# Dept of GSD Security



## Dainerra




----------



## Dainerra

I don't know why it's all blurry now. It says "we're pretty sure you have the wrong house, but hey, come on in and let's talk about it."


----------



## I_LOVE_MY_MIKKO

I love it! Great picture and cute commentary 

BTW, I can see it just fine.


----------



## Dainerra

well, in case it is showing up blurry for anyone else. don't know why the words are all blurred out on my screen?


----------



## Mrs.K

Hahahaha and then you've got the Christmas Stockings in the background? Too cute. 

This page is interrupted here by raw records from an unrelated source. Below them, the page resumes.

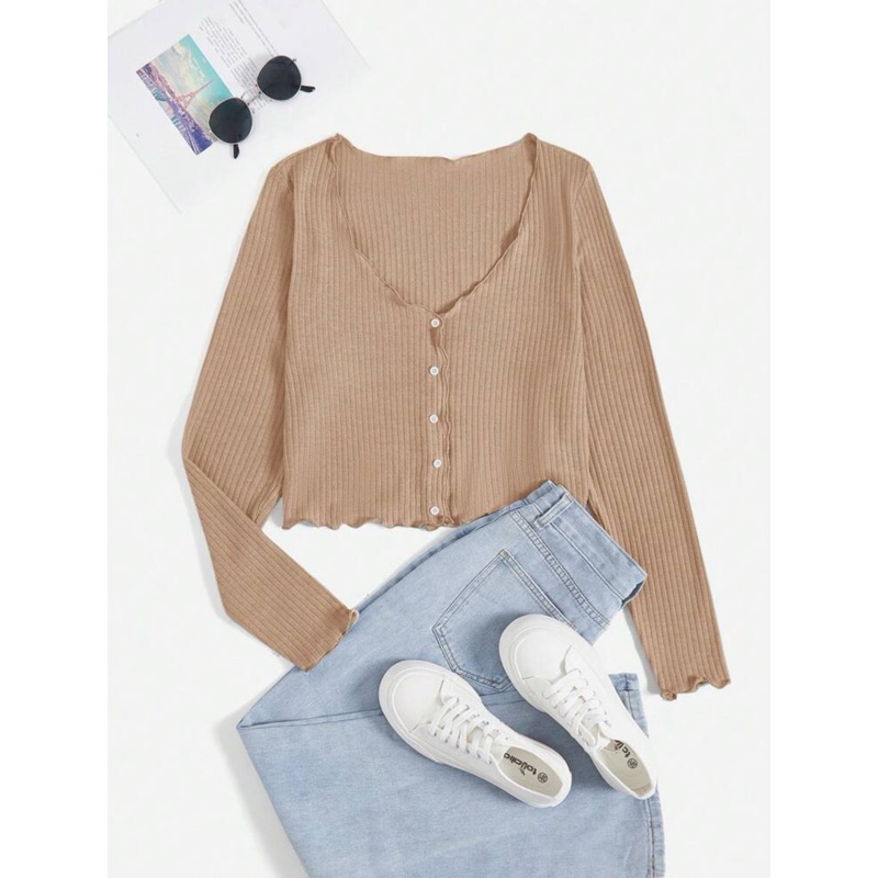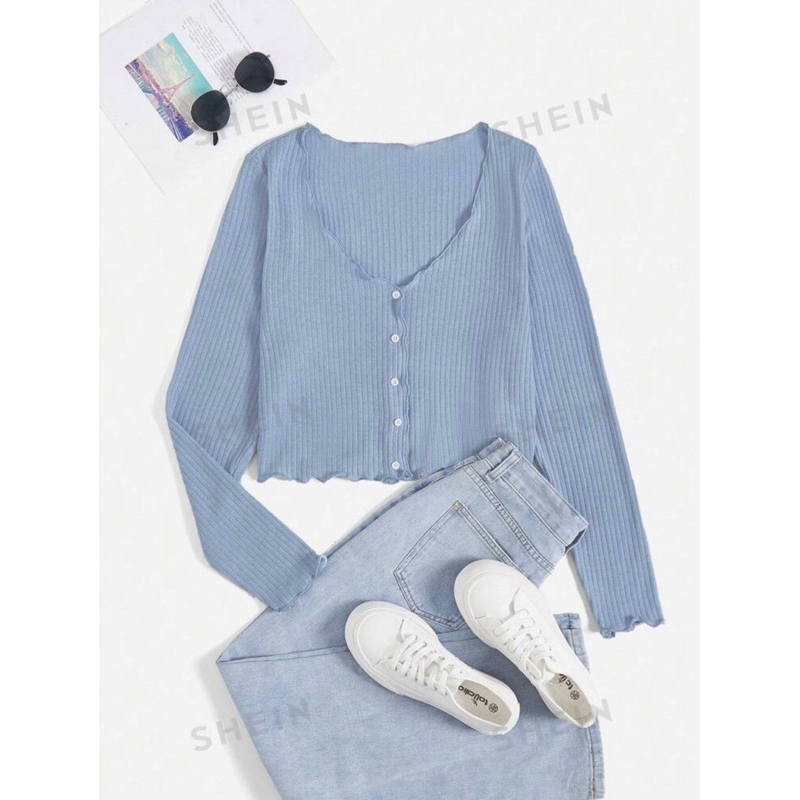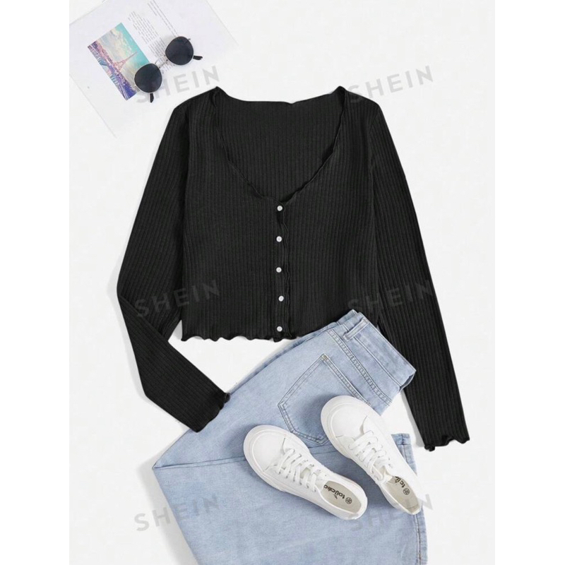 เสื้อแขนยาว shein กระดุมแกะไม่ได้ อก38-47 นิ้ว เสื้อครอปสาวอวบ ของใหม่
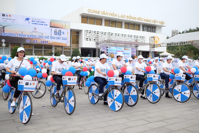 CBCNV EVNNPC đạp xe diễu hành tuyên truyền thông điệp của Giờ Trái đất 2022
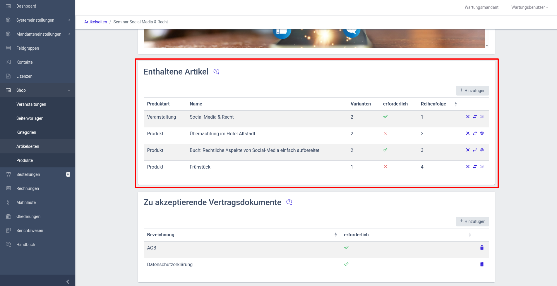 Um die enthaltenen Artikel zu konfigurieren, rufen Sie die Artikelseite auf und scrollen Sie zum Abschnitt Enthaltene Artikel. Dort können Sie:

If it was a caption game I'd say something along the line "Come on in Kitty Cat, we dare ya to steal those stockings." or something like that LOL


----------



## boiseno

I pity the fool!!


----------



## Dainerra

this is always one of my favorites


----------



## 1sttimeforgsd

Love it, and beautiful dogs too.


----------



## HeyJude

Love it!


----------



## chelle

Dainerra said:


> this is always one of my favorites


That is a GREAT pic, I love it.! 

Your pic is great, too! The letters show nice and clear on this end.


----------



## KZoppa

LOVE IT!!! love the GSDs staying while kitty strolls by too.


----------



## KZoppa

always favorites


----------



## elisabeth_00117

LOVE the pics!

I always laugh and say, "I would feel very bad for anyone trying to break into my house. They may get in.. but getting out [in one piece] would be the issue... "


----------



## Cheerful1

Love it!


----------



## Samtheshepherd

Dainerra said:


> well, in case it is showing up blurry for anyone else. don't know why the words are all blurred out on my screen?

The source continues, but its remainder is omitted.